期刊
EXPERIMENTAL NEUROLOGY
卷 214, 期 2, 页码 285-292出版社
ACADEMIC PRESS INC ELSEVIER SCIENCE
DOI: 10.1016/j.expneurol.2008.08.014
关键词
VEGF; Cognition; CCAO; Transgenic mouse; PECAM; Nestin; Alzheimer's disease
Angiogenesis and neurogenesis are adaptive responses protecting cerebral tissue from hypoxic-ischemic injury. Both processes seem to be governed by hypoxia-induced growth factors, of which Vascular endothelial growth factor (VEGF) is a prominent example. The aim of this study was to investigate the influence of VEGF overexpression (V1 mice) on mice cognitive function and cerebral structure under moderate cerebral oligemia. In 33 VI and wild-type (wt) mice, the left common carotid artery was permanently occluded (CCAO) under acute (48 h) and subchronic ( 12 days) conditions. Sham operation was performed in 35 mice (controls).

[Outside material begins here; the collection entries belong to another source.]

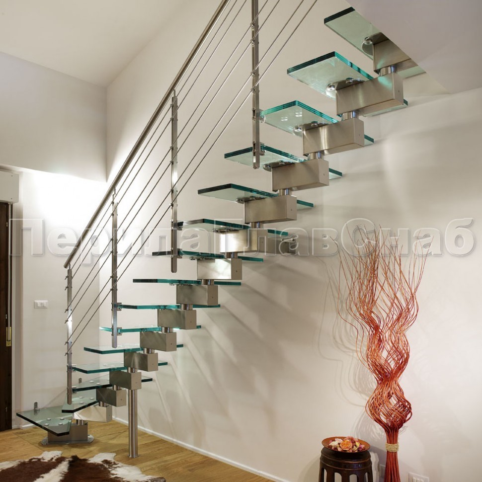 Ограждение для лестницы из нержавейки с зажимными стеклодержателями для крыльца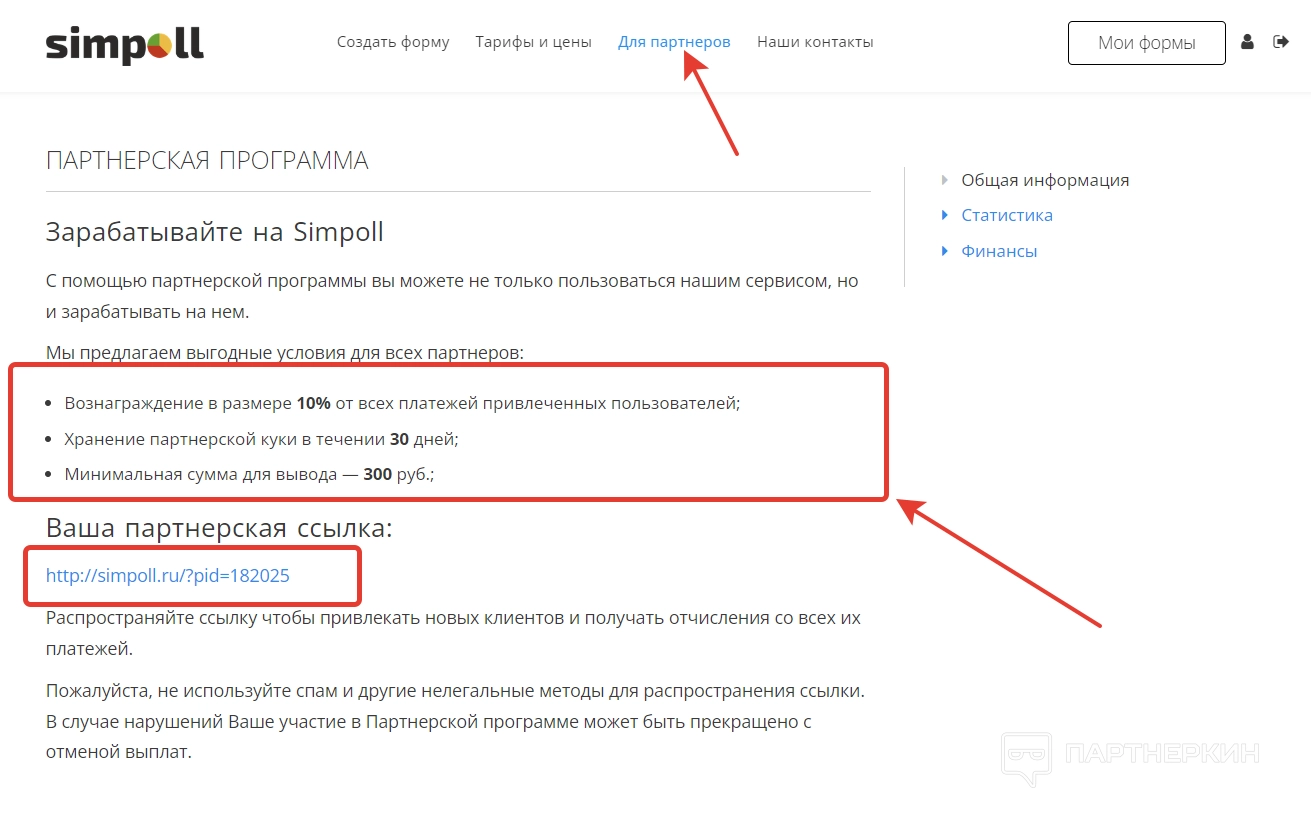 Для ознакомления с условиями партнерской программы переходим в раздел «Для партнеров». Там пользователь найдет партнерскую ссылку и размер вознаграждения.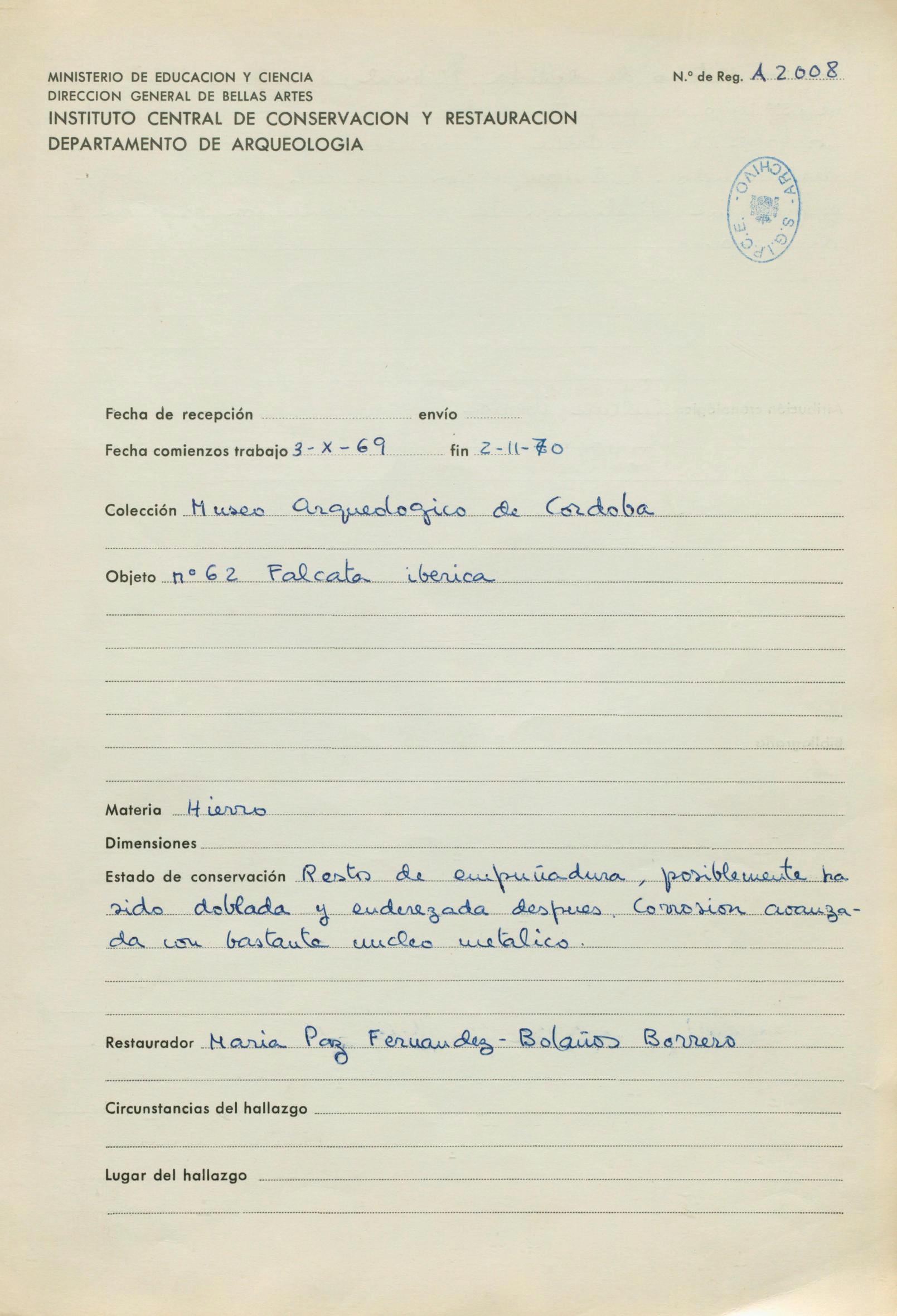 Fernández-Bolaños Borrero, María de la Paz / Restaurador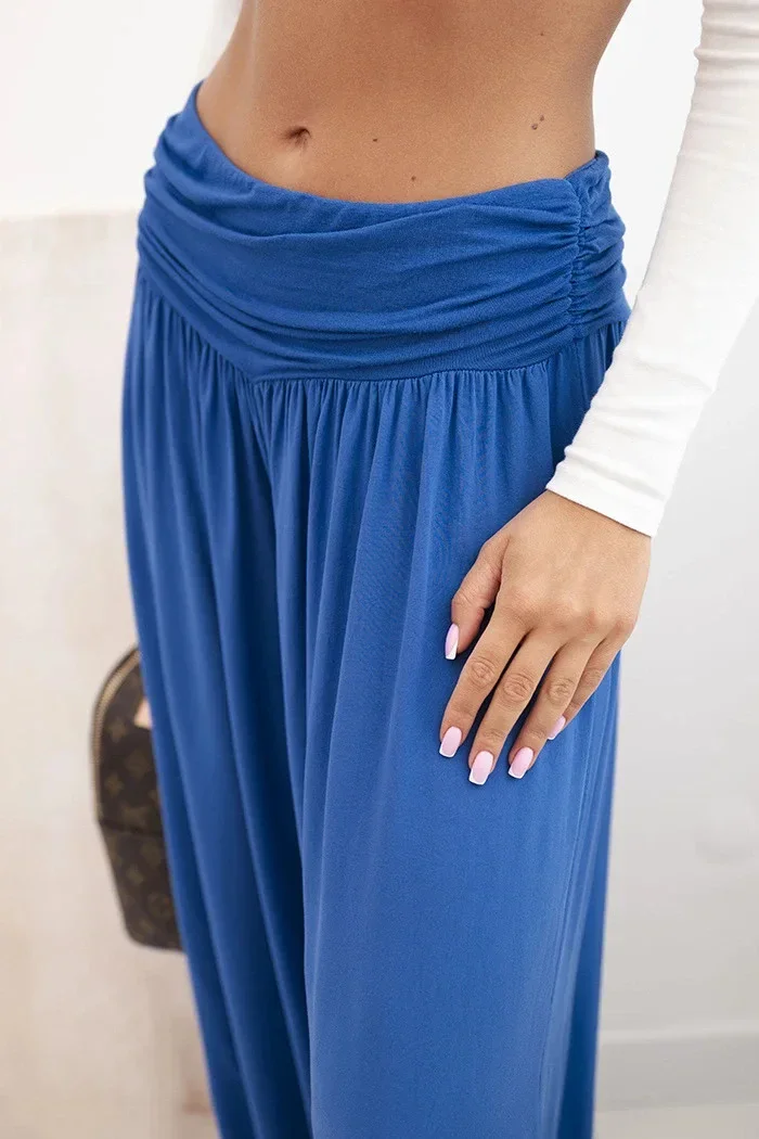 Dámské viskózové kalhoty s širokými nohavicemi a volánky chrpově modrá

Psychometric testing was done using holeboard test and Morris Water Maze system, immunohistochemistry was performed for detection of cerebral apoptosis, nestin and CD31 expression. The results show that under control conditions V1 mice showed better spatial cognitive abilities as compared to their wt littermates. During CCAO, time and distance to reach a hidden platform in Water Maze were shorter in VI mice as compared to wt animals, indicative of faster learning and better spatial memory processes. While no signs of necrosis or apoptosis were detected, immunohistochemistry showed that VEGF transgenity was related to higher number of nestin-positive precursor cells. Finally, acute CCAO was paralleled by a reduction of CD31 staining in wit but not V1 mice. We conclude that VEGF overexpression led to a protective effect on cognitive function, because V1 mice showed evidence for faster spatial learning and better memory, as well as an increased number of neuronal precursor cells and a prevention of endothelial cell loss after CCAO. (C) 2008 Elsevier Inc. All rights reserved.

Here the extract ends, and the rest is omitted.